Start of Block
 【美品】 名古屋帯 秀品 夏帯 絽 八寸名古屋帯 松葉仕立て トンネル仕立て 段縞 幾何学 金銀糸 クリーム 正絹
End of Block
Start of Block
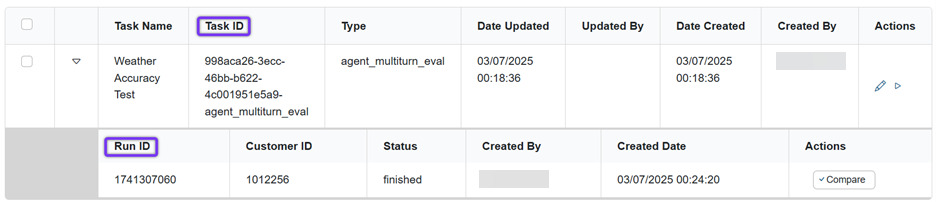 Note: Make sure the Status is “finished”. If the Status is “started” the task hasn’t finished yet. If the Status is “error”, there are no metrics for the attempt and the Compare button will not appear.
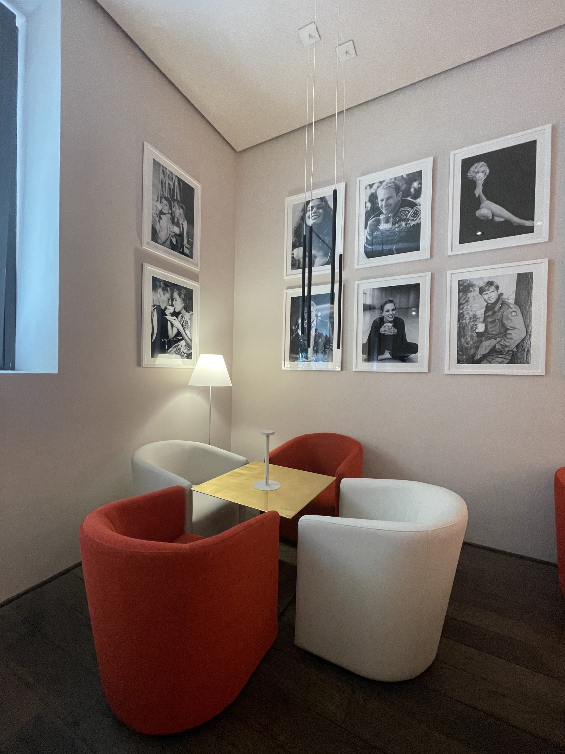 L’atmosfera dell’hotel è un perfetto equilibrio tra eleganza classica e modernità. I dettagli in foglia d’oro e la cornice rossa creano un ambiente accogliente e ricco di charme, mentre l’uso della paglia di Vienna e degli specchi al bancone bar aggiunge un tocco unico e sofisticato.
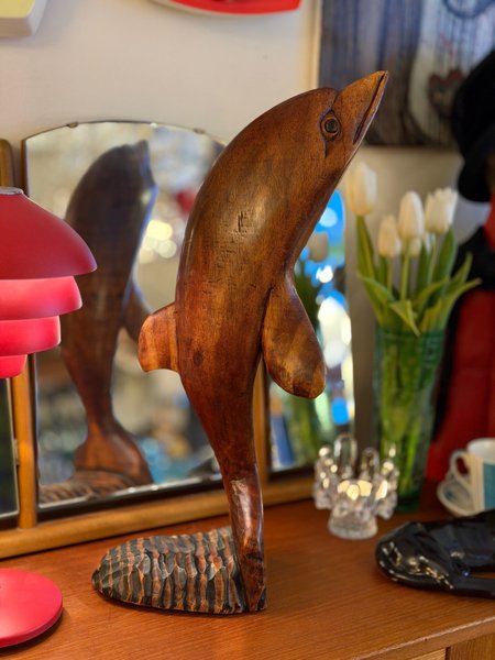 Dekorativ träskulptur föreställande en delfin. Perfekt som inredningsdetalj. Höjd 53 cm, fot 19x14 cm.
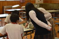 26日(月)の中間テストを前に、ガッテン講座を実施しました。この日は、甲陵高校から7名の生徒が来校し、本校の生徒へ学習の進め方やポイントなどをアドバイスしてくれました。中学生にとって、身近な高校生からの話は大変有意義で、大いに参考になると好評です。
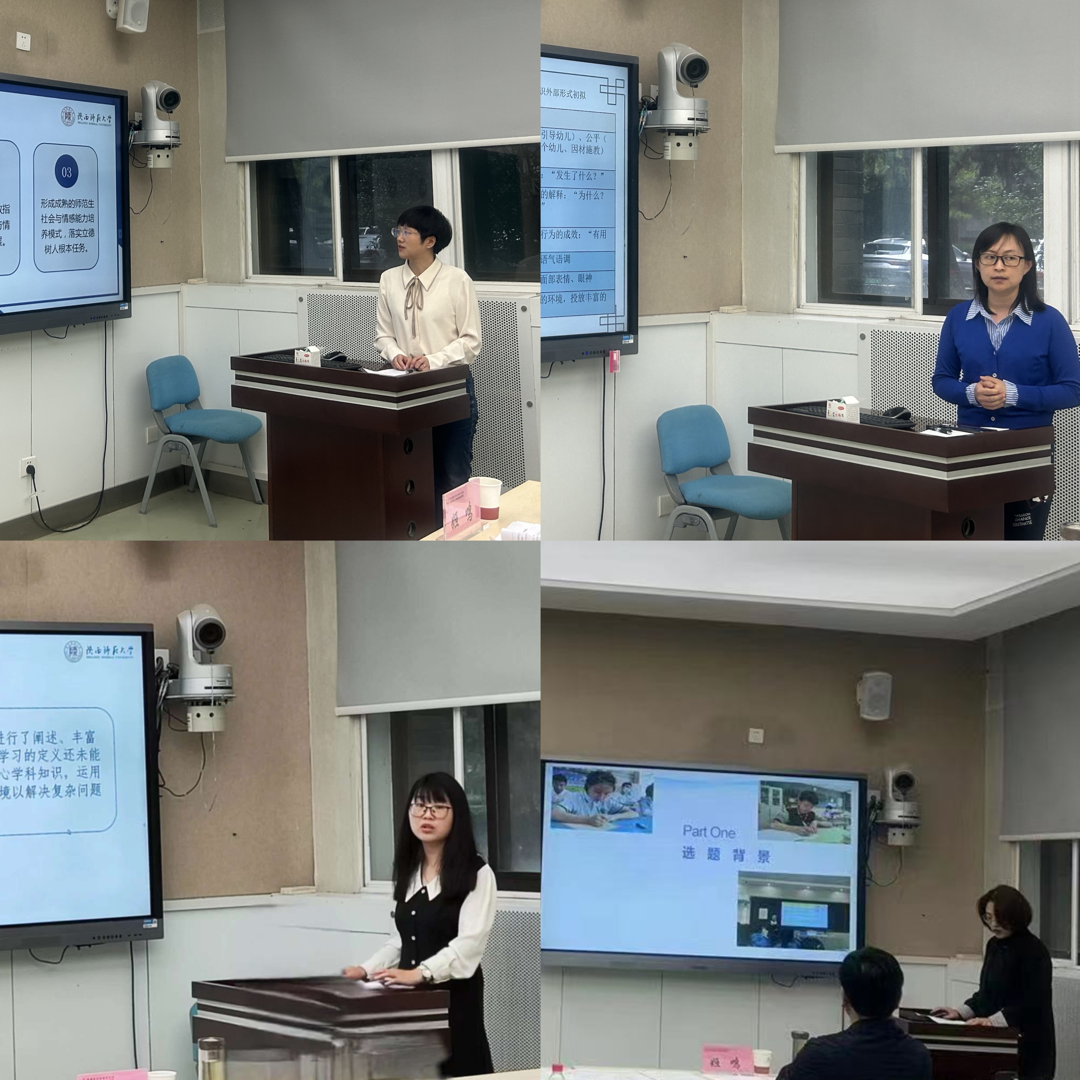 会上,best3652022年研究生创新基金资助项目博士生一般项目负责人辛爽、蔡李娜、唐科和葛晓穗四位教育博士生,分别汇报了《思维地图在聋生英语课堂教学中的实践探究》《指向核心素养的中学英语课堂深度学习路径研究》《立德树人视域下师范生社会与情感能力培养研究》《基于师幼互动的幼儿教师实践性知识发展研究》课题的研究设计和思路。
End of Block
### What you should do
Nothing except the lines from the one containing "Dekorativ träskulptur föreställande" through the one containing "会上,best3652022" should appear in the answer, exactly as above and without pictures.

### Solved problem
 Dekorativ träskulptur föreställande en delfin. Perfekt som inredningsdetalj. Höjd 53 cm, fot 19x14 cm.
 26日(月)の中間テストを前に、ガッテン講座を実施しました。この日は、甲陵高校から7名の生徒が来校し、本校の生徒へ学習の進め方やポイントなどをアドバイスしてくれました。中学生にとって、身近な高校生からの話は大変有意義で、大いに参考になると好評です。
 会上,best3652022年研究生创新基金资助项目博士生一般项目负责人辛爽、蔡李娜、唐科和葛晓穗四位教育博士生,分别汇报了《思维地图在聋生英语课堂教学中的实践探究》《指向核心素养的中学英语课堂深度学习路径研究》《立德树人视域下师范生社会与情感能力培养研究》《基于师幼互动的幼儿教师实践性知识发展研究》课题的研究设计和思路。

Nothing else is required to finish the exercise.